To do: Include the line containing "Vintage 1987 T&C" and all lines before it, repeated exactly from the listing below, without pictures.

Dataset extract:
# # # #

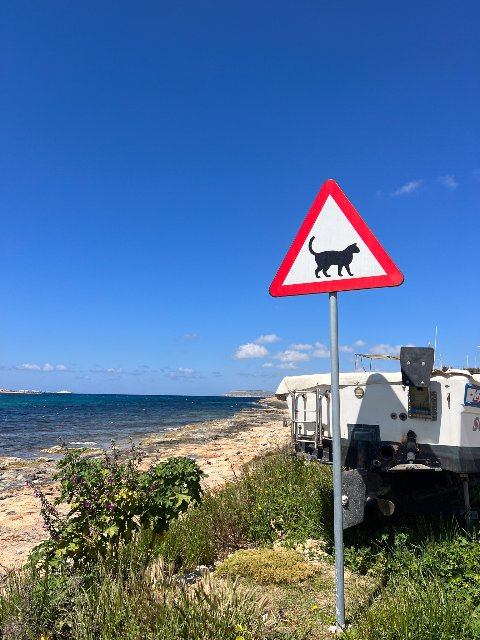 Amusant ici les panneaux d’avertissement de danger pour animaux sauvages sont différents de ce que l’on a l’habitude de voir par chez nous, ici attention aux chats et aux hérissons.
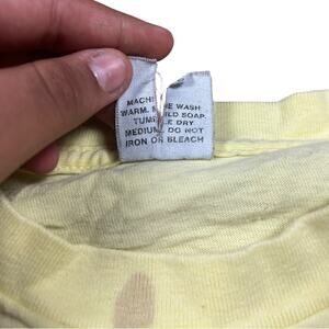 Vintage 1987 T&C Surf Designs single stitch long sleeve in yellow featuring bright pink sleeve hits, yin-yang chest logo, and a colorful back graphic reading “Man’s First Tool” with a caveman carving a surfboard. Rare collectible piece from the iconic surf brand’s comedic graphic era. Good vintage condition with some staining adding character.
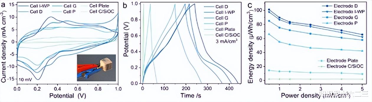 电化学性能:不同TPMS结构的电极在循环伏安法(CV)分析中表现出相似的氧化还原峰值,CV曲线的一致性表明电极几何形状对电化学行为影响较小,电池在不同扫描速率下具有高可逆性和稳定性。恒电流充放电(GCD)曲线显示,不同结构的电极具有相似的等腰三角形形状,表明充电和放电过程的可逆性。D和I-WP结构的电极具有更明显的充电和放电平台,这是由于它们具有更高的比表面积,可以形成更大的活性层,从而促进更充分的氧化还原过程,最大限度地提高活性层的电化学性能。例如,G、D、P和I - WP 结构电极的比电容分别为 516.99、601.06、369.45和585.51 mF /cm³,而 I - WP 结构电极在0.5 mW /cm³的功率密度下实现了97.63μWh /cm³的能量密度,在5 mW /cm³的功率密度下仍保持 62.07μWh /cm³的能量密度。
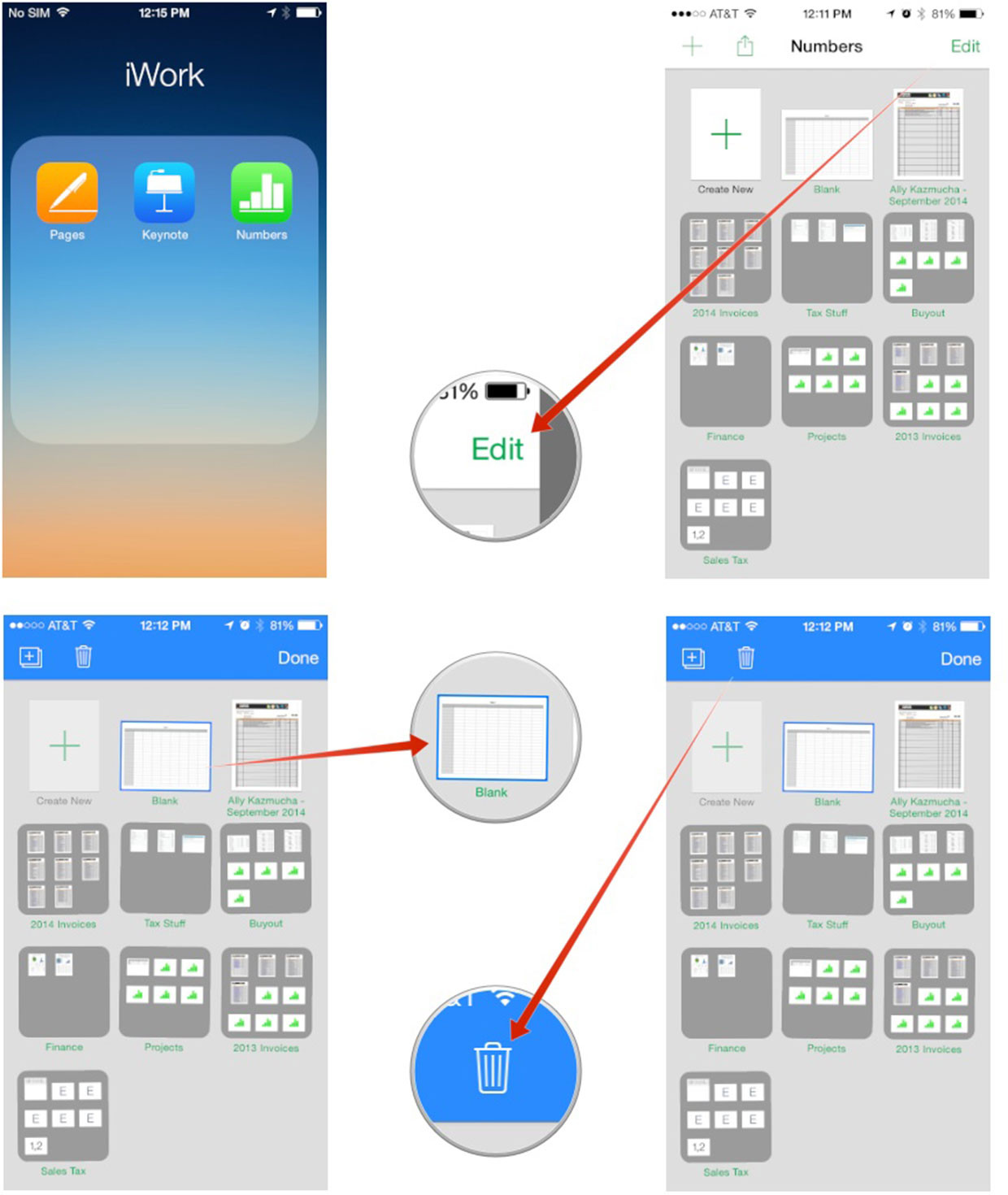 Étape 4: appuyez sur l’icône Trash Can dans le coin supérieur gauche, puis appuyez sur l’option Supprimer dans la fenêtre contextuelle pour supprimer ces documents pour toujours.

# # # #

Reply to the task:
 Amusant ici les panneaux d’avertissement de danger pour animaux sauvages sont différents de ce que l’on a l’habitude de voir par chez nous, ici attention aux chats et aux hérissons.
 Vintage 1987 T&C Surf Designs single stitch long sleeve in yellow featuring bright pink sleeve hits, yin-yang chest logo, and a colorful back graphic reading “Man’s First Tool” with a caveman carving a surfboard. Rare collectible piece from the iconic surf brand’s comedic graphic era. Good vintage condition with some staining adding character.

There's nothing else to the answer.